Feb. 20 (UPI) -- A federal judge in New York City agreed to delay Michael Cohen's three-year prison sentence Wednesday so he can recover from shoulder surgery and prepare for congressional testimony.
District Judge William Pauley pushed back Cohen's March 6 sentence start date to May 6, 60 days later. The 52-year-old former personal attorney for President Donald Trump pleaded guilty last year to nine charges, one of which stems from the investigation by special counsel Robert Mueller.
In a letter requesting the delay, Cohen's lawyer, Michael Monico, said his client "underwent a serious surgical procedure" and requires physical therapy and follow-up appointments when his doctor.
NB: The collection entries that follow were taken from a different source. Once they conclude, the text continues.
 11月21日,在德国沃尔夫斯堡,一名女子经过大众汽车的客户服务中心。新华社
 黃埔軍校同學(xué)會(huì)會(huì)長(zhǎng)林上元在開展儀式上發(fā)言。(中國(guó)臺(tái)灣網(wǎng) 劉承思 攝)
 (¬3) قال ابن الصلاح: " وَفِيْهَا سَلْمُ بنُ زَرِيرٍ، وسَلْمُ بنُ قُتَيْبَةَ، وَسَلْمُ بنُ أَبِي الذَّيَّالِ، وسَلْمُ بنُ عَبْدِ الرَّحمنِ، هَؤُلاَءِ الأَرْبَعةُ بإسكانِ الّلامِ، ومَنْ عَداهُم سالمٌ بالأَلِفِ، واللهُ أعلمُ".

Monico said prosecutors did not object to the postponement.
Cohen's shoulder surgery also caused him to postpone testimony before the Senate intelligence committee earlier this month.
Cohen originally was invited to testify publicly before the House oversight committee on Feb. 7, but postponed the appearance citing verbal attacks against him and his family by Trump and Rudy Giuliani, Trump's current personal lawyer.
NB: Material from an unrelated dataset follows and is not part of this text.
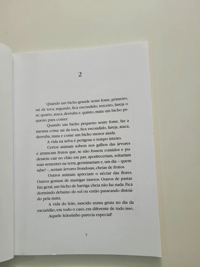 Aquele leãzinho parecia especial! Desde que nasceu, foi amado e respeitado por todos. (...) Quantas vezes o filhote de leão, perdido no mato, foi trazido de volta para casa durante a noite por um bando de vagalumes? Quantas e quantas vezes, feridoemalguma caçada ou numa queda do alto do penhasco, teve seus ferimentos lambidos por ferozes lobos do mato? Uma vez, durante as grandes secas, um raio caiu incendiando a floresta. Foi um espetáculo triste. As labaredas judiavam das árvores enquanto a fumaça rodopiava feito uma neblina venenosa. O leãozinho? Escapou fácil graças a um papagaio que, pousado em sua cabeça, foi indicando o melhor caminho para engabelar.

After that appearance was postponed, U.S. Marshals subpoenaed him to testify before the Senate Select Committee on Intelligence on Feb. 12.
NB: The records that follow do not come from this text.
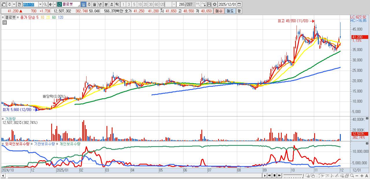 - 클로봇 (41,200원 ▲ 1.73% , 시총: 10,297억, 거래량: 12,507,302, 거래대금:5,664억)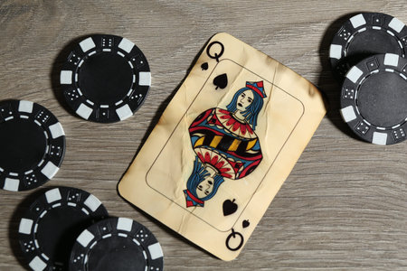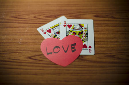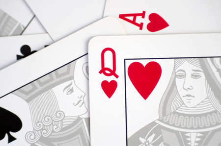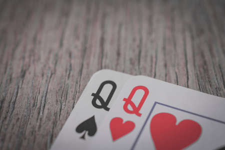 Playing cards close up, isolated on wooden table. Casino concept, risk, chance, good luck or gambling.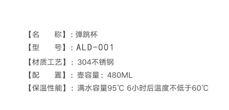 艾蓝德 弹跳保温杯304不锈钢水杯 弹跳杯 500ML ALD-001

Cohen testified before House and Senate committees in 2017 that a plan to build a Trump Tower in Moscow ended in January 2016, but he pleaded guilty to lying during those testimonies in November.
The court documents say Cohen lied to lawmakers out of loyalty and to minimize ties with Russia during Trump's campaign.
Monico cited three congressional hearings as a second reason for delaying his prison sentence.
Testifying "will require Mr. Cohen to spend substantial time in preparation that will limit the time he has to get his affairs in order and spend time with his family, especially given such a short period between the anticipated hearings and the present reporting date," the letter said.
In addition to the charge linked to the Mueller investigation, Cohen pleaded guilty to five counts of tax evasion and one count each of excessive campaign contribution, unlawful corporate contribution and making false statements to a bank.
The campaign finance charges stem from his involvement in making payments in 2016 to two women -- Stormy Daniels, also known as Stephanie Clifford, and Karen McDougal -- who said they had affairs with Trump. Prosecutors said they were intended "to influence the election from the shadows."